ECI lead: Dr Paula Harrison

A project to co-produce innovative and effective policy strategies and measures in key social, economic, and environmental sectors based on an improved quantification and assessment of the cross-sectoral impacts and vulnerabilities associated with high-end scenarios.

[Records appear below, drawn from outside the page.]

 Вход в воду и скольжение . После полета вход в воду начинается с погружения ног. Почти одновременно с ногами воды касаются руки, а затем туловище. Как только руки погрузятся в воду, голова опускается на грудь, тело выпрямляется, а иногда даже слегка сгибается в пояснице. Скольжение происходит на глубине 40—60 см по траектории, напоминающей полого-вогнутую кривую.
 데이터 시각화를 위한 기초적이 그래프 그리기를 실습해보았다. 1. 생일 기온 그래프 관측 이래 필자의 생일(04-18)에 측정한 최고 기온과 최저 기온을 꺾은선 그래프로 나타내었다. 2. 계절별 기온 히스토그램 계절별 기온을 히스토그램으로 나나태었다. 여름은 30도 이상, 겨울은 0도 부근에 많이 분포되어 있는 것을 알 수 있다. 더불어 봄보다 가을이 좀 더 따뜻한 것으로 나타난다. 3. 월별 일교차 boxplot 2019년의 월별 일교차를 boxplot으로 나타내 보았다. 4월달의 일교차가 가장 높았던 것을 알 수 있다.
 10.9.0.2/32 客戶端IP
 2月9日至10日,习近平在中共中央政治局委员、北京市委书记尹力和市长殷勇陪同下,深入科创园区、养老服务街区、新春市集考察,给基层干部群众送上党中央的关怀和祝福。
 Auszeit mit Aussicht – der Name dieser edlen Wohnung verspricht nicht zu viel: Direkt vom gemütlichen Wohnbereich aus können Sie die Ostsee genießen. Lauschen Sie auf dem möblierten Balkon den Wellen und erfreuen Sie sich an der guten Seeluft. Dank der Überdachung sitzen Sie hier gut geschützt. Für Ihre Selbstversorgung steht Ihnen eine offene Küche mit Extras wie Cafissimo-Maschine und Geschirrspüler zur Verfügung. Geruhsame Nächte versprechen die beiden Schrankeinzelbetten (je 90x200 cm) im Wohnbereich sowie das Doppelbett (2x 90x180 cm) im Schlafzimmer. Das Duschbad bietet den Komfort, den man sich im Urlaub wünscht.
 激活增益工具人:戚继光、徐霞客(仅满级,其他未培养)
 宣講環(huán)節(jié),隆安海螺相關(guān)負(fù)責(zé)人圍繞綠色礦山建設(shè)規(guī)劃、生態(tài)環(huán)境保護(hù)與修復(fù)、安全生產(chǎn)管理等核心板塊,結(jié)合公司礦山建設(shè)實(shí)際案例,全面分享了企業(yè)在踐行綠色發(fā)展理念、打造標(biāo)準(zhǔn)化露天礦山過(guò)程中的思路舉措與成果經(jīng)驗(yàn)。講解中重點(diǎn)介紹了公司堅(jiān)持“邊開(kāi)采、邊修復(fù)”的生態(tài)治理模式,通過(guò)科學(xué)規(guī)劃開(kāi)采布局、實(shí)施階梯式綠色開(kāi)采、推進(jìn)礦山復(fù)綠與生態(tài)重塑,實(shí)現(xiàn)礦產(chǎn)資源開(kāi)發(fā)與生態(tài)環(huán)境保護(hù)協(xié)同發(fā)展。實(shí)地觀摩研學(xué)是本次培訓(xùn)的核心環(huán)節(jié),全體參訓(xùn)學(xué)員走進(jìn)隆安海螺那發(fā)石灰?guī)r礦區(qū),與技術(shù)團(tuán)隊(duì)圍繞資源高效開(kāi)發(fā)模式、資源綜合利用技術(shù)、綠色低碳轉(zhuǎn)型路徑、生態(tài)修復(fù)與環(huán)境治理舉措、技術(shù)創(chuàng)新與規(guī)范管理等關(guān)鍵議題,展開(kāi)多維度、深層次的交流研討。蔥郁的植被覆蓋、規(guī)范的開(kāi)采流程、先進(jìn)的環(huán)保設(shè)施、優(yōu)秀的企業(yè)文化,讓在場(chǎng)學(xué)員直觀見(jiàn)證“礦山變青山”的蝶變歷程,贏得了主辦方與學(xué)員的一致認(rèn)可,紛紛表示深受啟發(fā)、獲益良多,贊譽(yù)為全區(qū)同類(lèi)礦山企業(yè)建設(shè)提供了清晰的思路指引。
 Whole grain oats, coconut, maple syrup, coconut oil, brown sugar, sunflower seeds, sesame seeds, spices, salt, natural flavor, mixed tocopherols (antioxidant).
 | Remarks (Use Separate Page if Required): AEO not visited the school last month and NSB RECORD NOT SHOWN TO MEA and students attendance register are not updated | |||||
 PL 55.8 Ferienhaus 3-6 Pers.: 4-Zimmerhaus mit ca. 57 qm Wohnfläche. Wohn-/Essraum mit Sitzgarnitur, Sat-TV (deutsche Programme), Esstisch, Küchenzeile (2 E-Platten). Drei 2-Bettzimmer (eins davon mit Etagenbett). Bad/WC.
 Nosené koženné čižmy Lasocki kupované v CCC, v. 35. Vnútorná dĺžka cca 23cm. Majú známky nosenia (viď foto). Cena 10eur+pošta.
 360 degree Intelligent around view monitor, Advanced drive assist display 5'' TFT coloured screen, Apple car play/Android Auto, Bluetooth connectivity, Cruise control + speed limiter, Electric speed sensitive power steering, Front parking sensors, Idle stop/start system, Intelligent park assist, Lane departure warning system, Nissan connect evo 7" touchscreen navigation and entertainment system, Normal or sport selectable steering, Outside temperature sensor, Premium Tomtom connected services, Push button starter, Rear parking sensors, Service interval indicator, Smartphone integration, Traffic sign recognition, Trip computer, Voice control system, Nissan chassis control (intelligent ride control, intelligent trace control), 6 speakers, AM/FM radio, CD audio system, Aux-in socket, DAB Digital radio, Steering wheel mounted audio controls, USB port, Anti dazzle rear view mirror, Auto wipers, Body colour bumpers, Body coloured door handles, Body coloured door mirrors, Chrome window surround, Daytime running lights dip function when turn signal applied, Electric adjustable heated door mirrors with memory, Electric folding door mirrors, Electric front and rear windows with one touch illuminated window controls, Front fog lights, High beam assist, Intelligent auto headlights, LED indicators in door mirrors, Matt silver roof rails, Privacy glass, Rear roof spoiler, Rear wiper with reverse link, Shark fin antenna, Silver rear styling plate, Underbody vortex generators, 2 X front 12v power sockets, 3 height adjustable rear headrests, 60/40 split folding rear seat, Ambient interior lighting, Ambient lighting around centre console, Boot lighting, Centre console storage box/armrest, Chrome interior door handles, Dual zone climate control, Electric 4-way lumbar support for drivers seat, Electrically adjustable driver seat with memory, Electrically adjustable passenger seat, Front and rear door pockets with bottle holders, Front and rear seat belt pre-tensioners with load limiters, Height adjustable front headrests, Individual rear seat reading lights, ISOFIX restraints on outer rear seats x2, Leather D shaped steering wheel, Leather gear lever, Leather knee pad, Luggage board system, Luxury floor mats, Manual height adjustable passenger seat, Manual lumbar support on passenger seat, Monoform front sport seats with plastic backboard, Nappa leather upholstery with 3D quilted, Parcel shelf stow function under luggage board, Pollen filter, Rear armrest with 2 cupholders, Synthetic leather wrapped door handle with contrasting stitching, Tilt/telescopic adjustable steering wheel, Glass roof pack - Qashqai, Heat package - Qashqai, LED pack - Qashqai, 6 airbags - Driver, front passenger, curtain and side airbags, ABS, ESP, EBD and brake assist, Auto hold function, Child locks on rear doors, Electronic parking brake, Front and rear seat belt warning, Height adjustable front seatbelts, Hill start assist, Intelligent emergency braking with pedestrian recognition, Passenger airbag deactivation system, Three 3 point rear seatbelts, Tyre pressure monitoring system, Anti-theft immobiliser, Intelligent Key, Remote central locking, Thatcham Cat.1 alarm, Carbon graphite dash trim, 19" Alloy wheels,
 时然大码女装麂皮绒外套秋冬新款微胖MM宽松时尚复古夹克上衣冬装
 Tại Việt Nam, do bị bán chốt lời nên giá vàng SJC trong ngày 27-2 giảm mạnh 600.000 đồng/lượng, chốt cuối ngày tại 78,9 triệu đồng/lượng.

The IMPRESSIONS project researched what a future above 2°C could look like, defined as “high-end climate change”, and assessed what decisions we can take to help reduce the impacts of such high-end climate change. However, climate change isn’t the only problem the world faces; we live in a world with poverty, poor health, water shortages, a lack of food security, land degradation, resource depletion, mounting social inequalities and weak governance systems. These global problems are all closely interlinked and our current solutions for tackling them tend to be over-simplistic.

Outputs

IMPRESSIONS modelled the possible impacts of high-end climate change combined with other key global challenges for five case studies across Europe and Central Asia. Stakeholders have helped develop a vision for what we want the year 2100 to look like, as well as pathways and concrete guidelines for action to move society closer to this vision of a sustainable future.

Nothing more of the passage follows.